WHAT YOU ARE ASKED TO DO: Give back exactly the lines from the one that holds "编者按:7月23日,我市召开" through the final line of the data; omit the pictures and add nothing.

INFORMATION SHOWN:
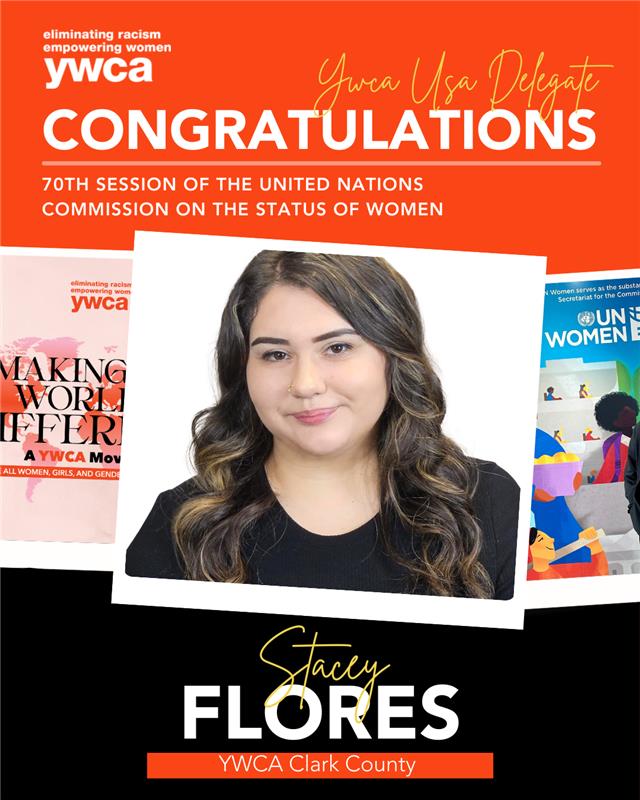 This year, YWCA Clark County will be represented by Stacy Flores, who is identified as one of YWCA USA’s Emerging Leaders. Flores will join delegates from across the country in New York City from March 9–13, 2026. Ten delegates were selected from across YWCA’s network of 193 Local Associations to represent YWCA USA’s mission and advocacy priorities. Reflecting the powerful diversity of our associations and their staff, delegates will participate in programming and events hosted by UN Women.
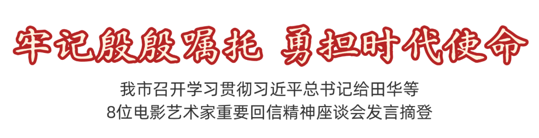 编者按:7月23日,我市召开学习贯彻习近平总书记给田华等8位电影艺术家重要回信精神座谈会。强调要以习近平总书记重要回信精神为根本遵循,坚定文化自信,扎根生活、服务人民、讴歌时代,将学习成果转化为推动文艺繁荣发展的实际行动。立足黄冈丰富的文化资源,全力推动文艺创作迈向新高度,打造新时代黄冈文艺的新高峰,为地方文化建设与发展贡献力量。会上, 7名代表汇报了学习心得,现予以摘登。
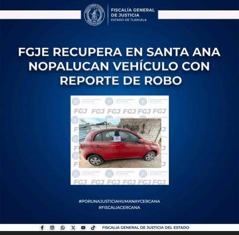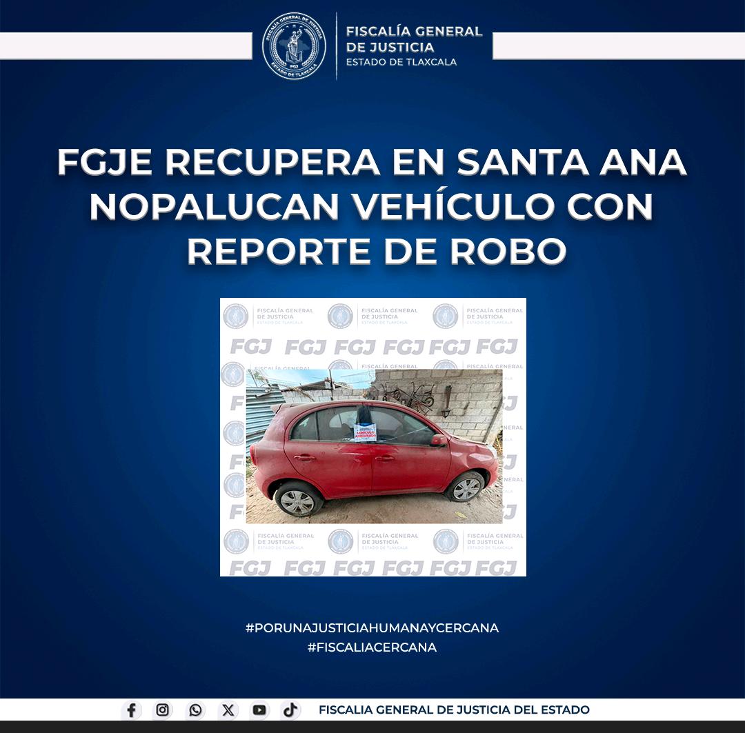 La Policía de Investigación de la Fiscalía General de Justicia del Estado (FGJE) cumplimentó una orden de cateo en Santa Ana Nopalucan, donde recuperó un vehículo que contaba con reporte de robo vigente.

TASK OUTPUT:
 编者按:7月23日,我市召开学习贯彻习近平总书记给田华等8位电影艺术家重要回信精神座谈会。强调要以习近平总书记重要回信精神为根本遵循,坚定文化自信,扎根生活、服务人民、讴歌时代,将学习成果转化为推动文艺繁荣发展的实际行动。立足黄冈丰富的文化资源,全力推动文艺创作迈向新高度,打造新时代黄冈文艺的新高峰,为地方文化建设与发展贡献力量。会上, 7名代表汇报了学习心得,现予以摘登。
 La Policía de Investigación de la Fiscalía General de Justicia del Estado (FGJE) cumplimentó una orden de cateo en Santa Ana Nopalucan, donde recuperó un vehículo que contaba con reporte de robo vigente.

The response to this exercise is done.